▶ What the exercise asks:
Exclude the pictures, then repeat exactly each line from the one containing "华盛资讯5月3日讯,美股早盘" to the final line of the records that follow.

|---|

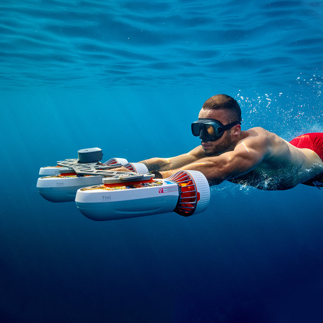 Connect three Tini scooters to create the world’s fastest recreational underwater scooter. The versatile handle locks them together, letting you glide at unmatched speeds while maintaining precise control.
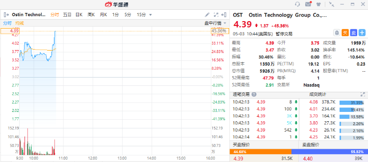 华盛资讯5月3日讯,美股早盘,部分中概股走高,次新股奥斯汀科技大涨超45%,盘中触发临停。
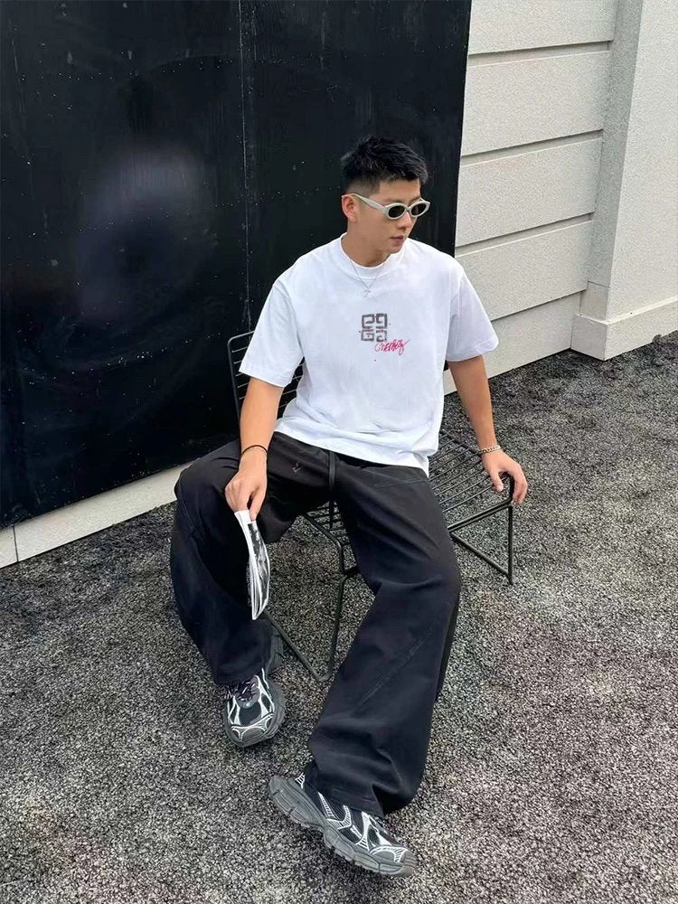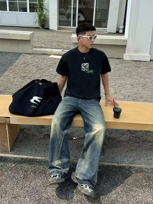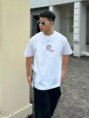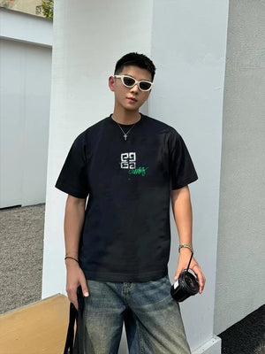 Ji Fan * Xi 2025 Spring and Summer New Classic Splash-Ink Letter Totem Printing Custom Double Yarn Plain Cotton Fabric Short Sleeve T-shirt for Men and Women
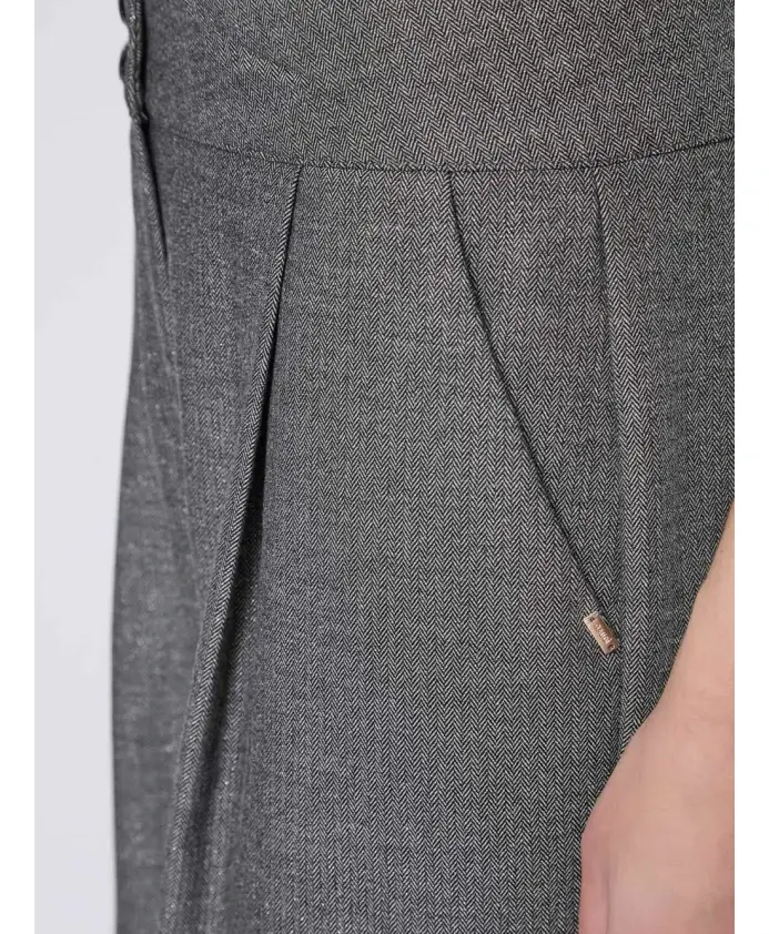 Брюки-палаццо Gaudì сочетают в себе приталенный крой и струящиеся широкие штанины, создавая элегантный и изысканный силуэт. Высокая талия и точные вытачки делают их идеальным выбором для элегантных дневных или вечерних образов. Ключевые характеристики: Серый | Серый Черный Люрекс | Смесь вискозы | Эластичная ткань | Высокая талия | Широкие штанины-палаццо | Приталенный крой | Вытачки | Размеры и посадка: Приталенный крой | Ткань и уход: Эластичная смесь вискозы
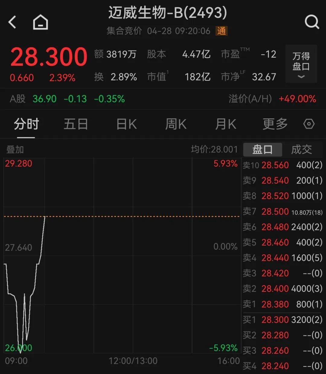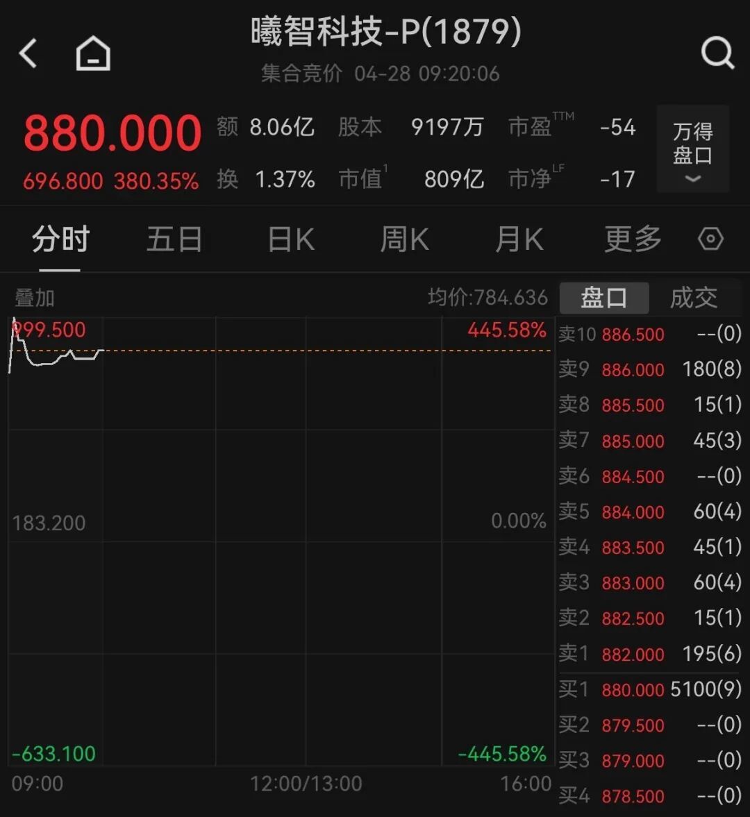 今日两只新股在港交所上市,曦智科技涨超380%,股价报880港元;迈威生物涨超2%,股价报28.3港元。
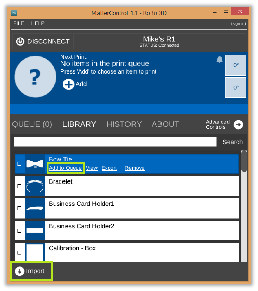 • To add an object to your print queue, simply hover over the item and click “Add to

|---|

▶ Answer to this task:
 华盛资讯5月3日讯,美股早盘,部分中概股走高,次新股奥斯汀科技大涨超45%,盘中触发临停。
 Ji Fan * Xi 2025 Spring and Summer New Classic Splash-Ink Letter Totem Printing Custom Double Yarn Plain Cotton Fabric Short Sleeve T-shirt for Men and Women
 Брюки-палаццо Gaudì сочетают в себе приталенный крой и струящиеся широкие штанины, создавая элегантный и изысканный силуэт. Высокая талия и точные вытачки делают их идеальным выбором для элегантных дневных или вечерних образов. Ключевые характеристики: Серый | Серый Черный Люрекс | Смесь вискозы | Эластичная ткань | Высокая талия | Широкие штанины-палаццо | Приталенный крой | Вытачки | Размеры и посадка: Приталенный крой | Ткань и уход: Эластичная смесь вискозы
 今日两只新股在港交所上市,曦智科技涨超380%,股价报880港元;迈威生物涨超2%,股价报28.3港元。
 • To add an object to your print queue, simply hover over the item and click “Add to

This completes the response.